* _The task_:
Of all the lines below, return only those starting with the line holding "Накладной герметичный поворотный" and going on through the line holding "We crawled into", exactly as written.

───── Supplied records ─────

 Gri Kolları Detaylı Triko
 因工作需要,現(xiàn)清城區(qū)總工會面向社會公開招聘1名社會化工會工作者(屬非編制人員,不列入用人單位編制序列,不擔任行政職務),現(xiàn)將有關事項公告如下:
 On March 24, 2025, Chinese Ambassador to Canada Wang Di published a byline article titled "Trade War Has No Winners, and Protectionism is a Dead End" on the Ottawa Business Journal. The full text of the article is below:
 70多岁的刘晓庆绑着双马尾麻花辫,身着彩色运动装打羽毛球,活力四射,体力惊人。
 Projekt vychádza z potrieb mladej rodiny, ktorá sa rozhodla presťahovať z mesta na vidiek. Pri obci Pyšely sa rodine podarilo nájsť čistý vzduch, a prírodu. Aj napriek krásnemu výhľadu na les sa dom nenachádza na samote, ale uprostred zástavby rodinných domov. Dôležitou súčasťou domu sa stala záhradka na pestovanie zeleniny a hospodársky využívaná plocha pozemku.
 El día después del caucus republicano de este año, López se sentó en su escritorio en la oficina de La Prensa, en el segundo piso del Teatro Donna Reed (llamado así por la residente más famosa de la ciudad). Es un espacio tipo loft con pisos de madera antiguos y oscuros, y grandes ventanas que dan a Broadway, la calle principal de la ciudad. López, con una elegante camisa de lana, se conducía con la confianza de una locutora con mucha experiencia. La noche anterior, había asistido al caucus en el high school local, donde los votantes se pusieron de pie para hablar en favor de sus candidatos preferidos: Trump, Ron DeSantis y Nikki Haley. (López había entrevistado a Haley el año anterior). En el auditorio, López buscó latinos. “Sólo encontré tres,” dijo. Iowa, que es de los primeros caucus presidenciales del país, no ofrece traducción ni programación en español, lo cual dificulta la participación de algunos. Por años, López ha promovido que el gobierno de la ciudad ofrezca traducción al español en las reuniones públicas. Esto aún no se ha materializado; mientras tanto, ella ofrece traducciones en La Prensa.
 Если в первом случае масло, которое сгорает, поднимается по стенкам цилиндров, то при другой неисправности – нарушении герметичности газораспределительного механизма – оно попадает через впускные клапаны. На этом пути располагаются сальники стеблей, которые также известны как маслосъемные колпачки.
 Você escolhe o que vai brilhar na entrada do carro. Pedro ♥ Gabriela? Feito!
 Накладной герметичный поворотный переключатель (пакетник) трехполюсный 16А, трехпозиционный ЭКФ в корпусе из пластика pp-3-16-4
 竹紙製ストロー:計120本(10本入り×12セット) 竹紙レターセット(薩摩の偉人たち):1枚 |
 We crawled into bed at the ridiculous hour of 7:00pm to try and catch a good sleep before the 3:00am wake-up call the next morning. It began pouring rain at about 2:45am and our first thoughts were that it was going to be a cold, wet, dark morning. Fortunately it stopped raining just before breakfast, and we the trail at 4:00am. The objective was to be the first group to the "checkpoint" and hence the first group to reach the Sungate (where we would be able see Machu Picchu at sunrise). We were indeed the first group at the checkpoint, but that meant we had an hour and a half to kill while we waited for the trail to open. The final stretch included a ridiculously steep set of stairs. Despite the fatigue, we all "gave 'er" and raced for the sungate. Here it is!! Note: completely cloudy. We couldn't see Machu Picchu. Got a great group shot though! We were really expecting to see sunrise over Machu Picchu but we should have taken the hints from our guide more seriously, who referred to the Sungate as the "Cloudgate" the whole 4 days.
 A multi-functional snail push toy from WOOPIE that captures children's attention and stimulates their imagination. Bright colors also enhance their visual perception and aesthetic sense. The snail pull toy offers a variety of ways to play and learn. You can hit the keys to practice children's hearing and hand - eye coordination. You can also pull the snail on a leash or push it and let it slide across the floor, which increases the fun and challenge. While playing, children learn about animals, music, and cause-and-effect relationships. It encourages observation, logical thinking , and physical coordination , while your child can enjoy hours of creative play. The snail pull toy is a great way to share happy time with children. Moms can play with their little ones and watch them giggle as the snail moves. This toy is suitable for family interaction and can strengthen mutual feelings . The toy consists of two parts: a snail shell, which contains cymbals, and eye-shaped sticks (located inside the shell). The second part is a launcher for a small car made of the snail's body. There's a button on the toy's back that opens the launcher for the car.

─────

* _Output for this exercise_:
 Накладной герметичный поворотный переключатель (пакетник) трехполюсный 16А, трехпозиционный ЭКФ в корпусе из пластика pp-3-16-4
 竹紙製ストロー:計120本(10本入り×12セット) 竹紙レターセット(薩摩の偉人たち):1枚 |
 We crawled into bed at the ridiculous hour of 7:00pm to try and catch a good sleep before the 3:00am wake-up call the next morning. It began pouring rain at about 2:45am and our first thoughts were that it was going to be a cold, wet, dark morning. Fortunately it stopped raining just before breakfast, and we the trail at 4:00am. The objective was to be the first group to the "checkpoint" and hence the first group to reach the Sungate (where we would be able see Machu Picchu at sunrise). We were indeed the first group at the checkpoint, but that meant we had an hour and a half to kill while we waited for the trail to open. The final stretch included a ridiculously steep set of stairs. Despite the fatigue, we all "gave 'er" and raced for the sungate. Here it is!! Note: completely cloudy. We couldn't see Machu Picchu. Got a great group shot though! We were really expecting to see sunrise over Machu Picchu but we should have taken the hints from our guide more seriously, who referred to the Sungate as the "Cloudgate" the whole 4 days.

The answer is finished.